Answer Applies to: Washington
Replied: 8/26/2011
    Beresford Booth PLLC
    Beresford Booth PLLC | S. Scott Burkhalter
    The Court will make a fair and equitable division of your assets and liabilities.
    Answer Applies to: Washington
    Replied: 8/26/2011
    Cody and Gonillo, LLP
    Cody and Gonillo, LLP | Christine Gonilla
    There are too many unknown variables here, but in general the court will look at your respective incomes and ability to pay; you may wish to balance your portion of the obligation by giving extra assets, etc.
    Answer Applies to: Connecticut
    Replied: 8/26/2011
    Diefer Law Group, P.C.
    Diefer Law Group, P.C. | Abel Fernandez
    The general rule is that all debt acquired during the marriage is a community debt and both spouses should share the debt equally. So, it appears that both of you would be liable on the debt.
    Answer Applies to: California
    Replied: 8/26/2011
    The Davies Law Firm, P.A.
    The Davies Law Firm, P.A. | Robert F. Davies, Esq.
    The cost of medical bills and her health will be a big issue in your divorce. You want a fair settlement on this. I understand. You should have a good divorce attorney help you. You do NOT want to be stuck paying thousands of dollars for her health problems, forever. I can help you with this. Give me a call, make an appointment to come see me, and let's get moving on this for you. No charge for the telephone call and no charge for the first office visit.
    Answer Applies to: New Jersey
    Replied: 8/26/2011
    Law Office of Joseph A. Katz
    Law Office of Joseph A. Katz | Joseph A. Katz
    Your question is too complicated to spell it our for you in an e-mail, especially without further information. You have certain duties to your wifeunder the law. You did not say how long you'd been married, or whether or not you have medical insurance. One suggestion would be to continue to provide medical insurance for her as part of the settlement. Do not agree to be responsible for her medical bills post-separation.
    Answer Applies to: California
    Replied: 8/26/2011
    Dunnings Law Firm
    Dunnings Law Firm | Steven Dunnings
    You should get an attorney. An attorney needs to have the full picture about assets, debts age, wages of both of you (assuming both of you work) health etc in order to give you informed advice.
    Answer Applies to: Michigan
    Replied: 8/26/2011
    Horizons Law Group, LLC
    Horizons Law Group, LLC | Michelle B. Fitzgerald
    It will likely be factored in among the rest of the items, other debts, property division, etc.

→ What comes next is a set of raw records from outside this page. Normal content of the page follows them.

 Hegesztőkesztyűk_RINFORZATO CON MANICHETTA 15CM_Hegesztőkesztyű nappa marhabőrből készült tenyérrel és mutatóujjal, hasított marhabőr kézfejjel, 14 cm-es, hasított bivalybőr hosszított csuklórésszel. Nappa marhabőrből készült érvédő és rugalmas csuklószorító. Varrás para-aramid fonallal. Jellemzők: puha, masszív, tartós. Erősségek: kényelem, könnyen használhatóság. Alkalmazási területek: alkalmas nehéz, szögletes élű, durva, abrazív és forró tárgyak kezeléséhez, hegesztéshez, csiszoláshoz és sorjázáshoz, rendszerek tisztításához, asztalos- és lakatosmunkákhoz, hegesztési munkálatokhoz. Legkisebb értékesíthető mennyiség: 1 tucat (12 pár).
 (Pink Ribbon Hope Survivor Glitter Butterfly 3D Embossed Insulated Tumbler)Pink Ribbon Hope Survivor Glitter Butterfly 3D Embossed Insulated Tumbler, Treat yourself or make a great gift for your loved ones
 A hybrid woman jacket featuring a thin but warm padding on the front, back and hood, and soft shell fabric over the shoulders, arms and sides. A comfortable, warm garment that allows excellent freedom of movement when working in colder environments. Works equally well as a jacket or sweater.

    Answer Applies to: Wisconsin
    Replied: 8/26/2011
    Law Office of Roianne H. Conner
    Law Office of Roianne H. Conner | Roianne Houlton Conner
    Is there no medical insurance available to your soon to be ex wife??? If she is not insured, the Court will look at how these bills have been paid in the past and will order that this method continues.

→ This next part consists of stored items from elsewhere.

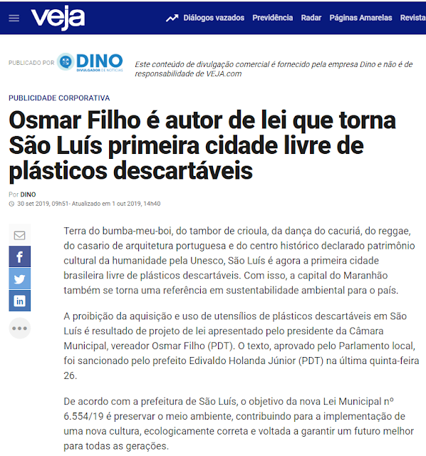 A aprovação da lei que veta a aquisição e uso de copos e demais utensílios plásticos descartáveis em todos os órgãos (Secretarias, Empresas Públicas e Fundações, por exemplo) da Administração Pública do Município de São Luís foi destaque no portal da Veja e do Estadão, ambos do estado de São Paulo.
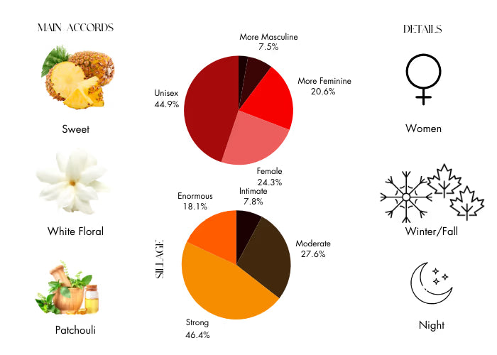 Nuits De Noho by Bond No9 opens with a fresh burst of bergamot, juicy mandarin, and crisp pineapple leaves—an energizing trio that instantly awakens the senses. The heart of the fragrance blooms with soft jasmine and rich rosewood, adding a romantic touch that’s both warm and inviting. As the scent settles, a comforting base of creamy vanilla, earthy patchouli, and grey musk lingers, leaving a smooth and sensual trail that lasts all day.
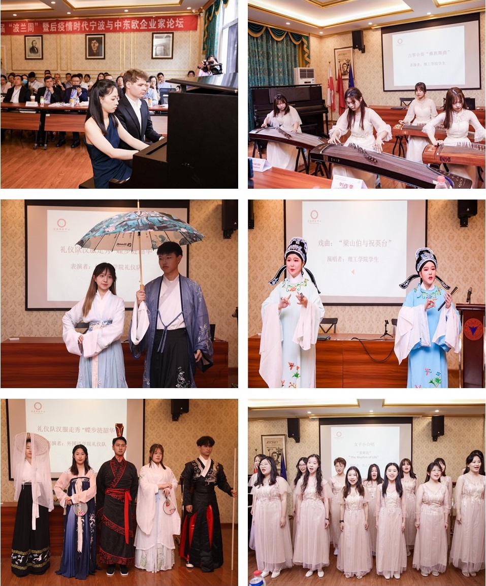 在开幕式上,中波文艺汇演精彩纷呈,浙大宁理的同学们精心准备的中英歌曲《茉莉花》、《Rhythm of Life》,还有《汉服走秀· 蝶步涟韶华》和古筝演奏《彝族舞曲》、越剧《梁祝》等一些富有中国传统文化元素的表演给现场的嘉宾留下了深刻的印象。其中由波兰研究中心的刘媛菁老师和波兰钢琴家Alexsky Kornicz携手合作的四手联弹创意串烧《梁祝》、《我和我的祖国》、《帕德赖夫斯基作品12之1》更是展现了中波艺术家的默契合作和精湛演出,将现场气氛推上了一个高潮,反响热烈。
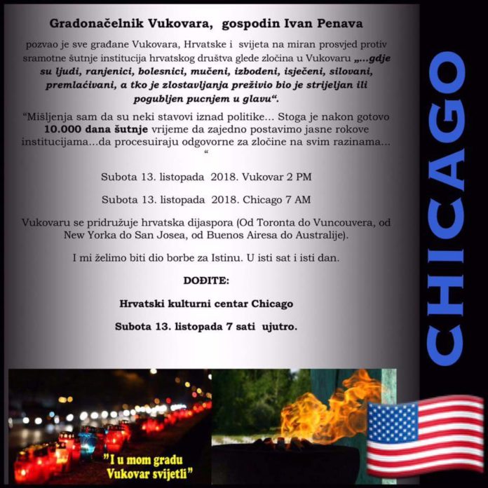Okupljanje Hrvata u Chicagu, SAD, će se održati istodobno sa prosvjedom u Vukovaru.
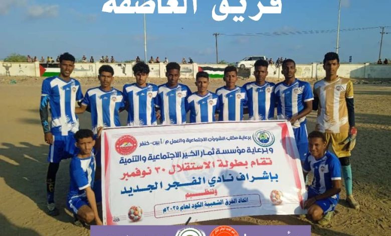 ريمونتادا مجنونه قادت العاصفة لفوز ثمين على جاره النش في دوري الاستقلال 30نوفمبر للفرق الشعبيه بالكود الذي ينظم برعاية مكتب الشوؤن الاجتماعية والعمل محافظة أبين وبرعاية مؤسسة ثمار الخير الاجتماعية والتنموية وبإشراف إدارة نادي الفجر الجديد واتحاد الفرق الشعبية بالكود خنفر
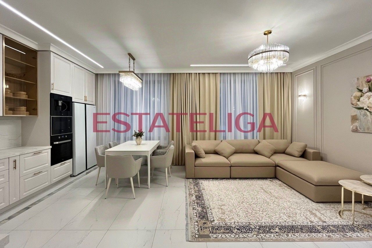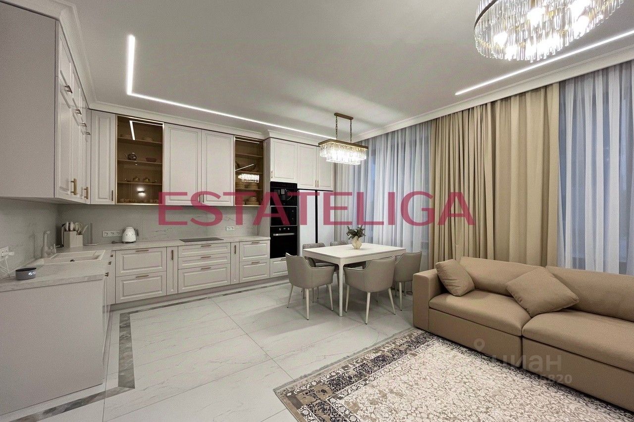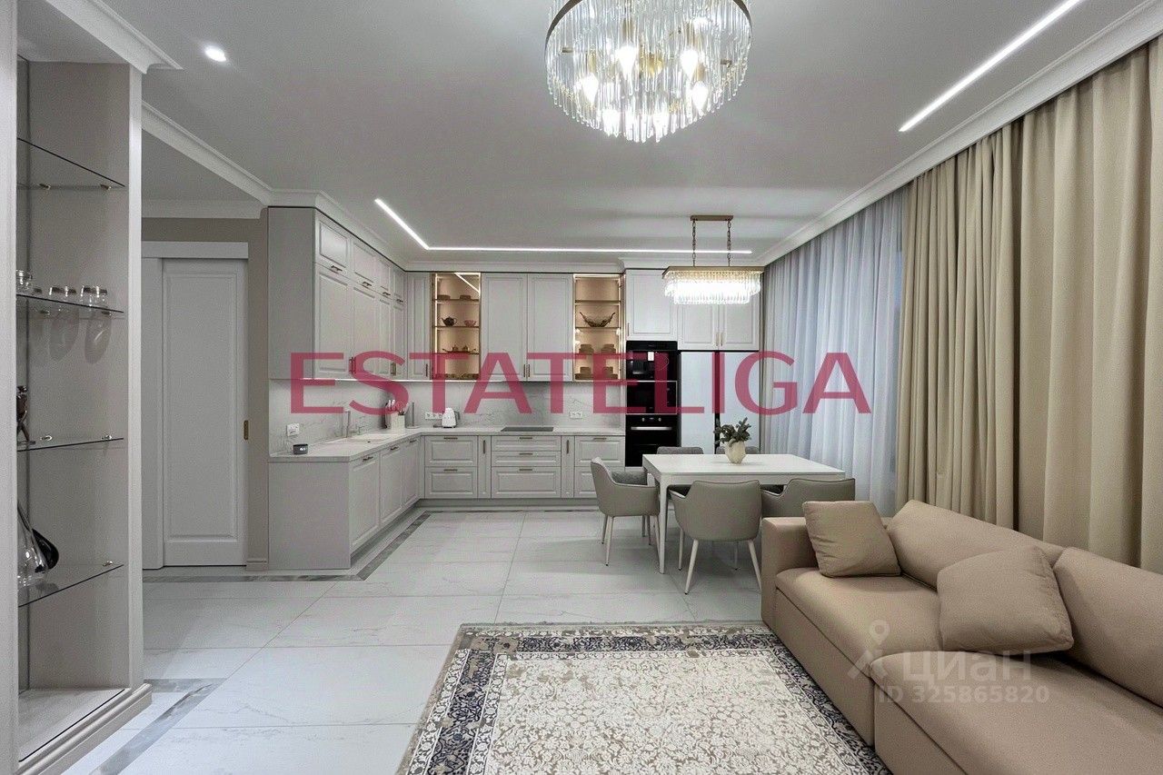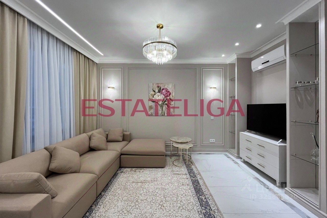 Квартира сдается впервые, после ремонта никто не жил! Функциональная планировка квартиры: просторная гостиная, плавно перетекающая в кухню, просторная спальная комната, вторая спальная комната с рабочей зоной и гардеробной, два совмещенных санузла, один из них с полноценным хаммамом, холл с местами для хранения, отдельная гостевая гардеробная.
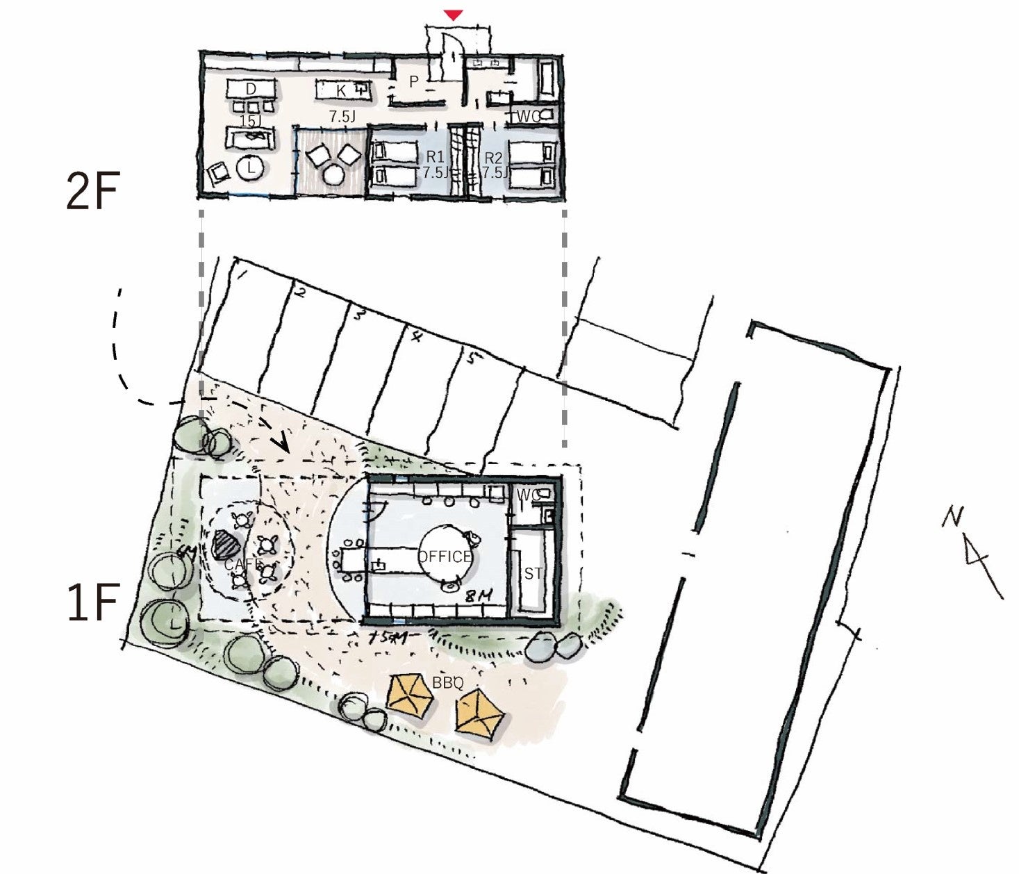 フロア構成 1Fショールーム・オフィス、2Fステイフロア

    Answer Applies to: Alabama
    Replied: 8/26/2011
    Michael D. Fluke, P.A.
    Michael D. Fluke, P.A. | Michael D. Fluke
    Standardly you would be responsible for half of the marital debt. If there is debt in your name such as credit card bills and car loans, you may consider keeping those debts to make sure they are paid and offsetting the medical bills. As for future medical bills, depending on the length of the marriage and your financial ability, you may end up on the hook for alimony. If your wife has serious medical conditions that are likely to continue, you carry health insurance on her and you are unlikely to get re-married anytime soon, this may be one of the rare instances where you may want to enter into a legal separation agreement as opposed to a divorce. I suggest you consult an experienced Family Law attorney to discuss your case in greater detail and learn all of your rights and options. Good luck.
    Answer Applies to: Florida
    Replied: 8/26/2011
    Glenn E. Tanner
    Glenn E. Tanner | Glenn E. Tanner
    The court will make a fair and equitable division of your assets and debts.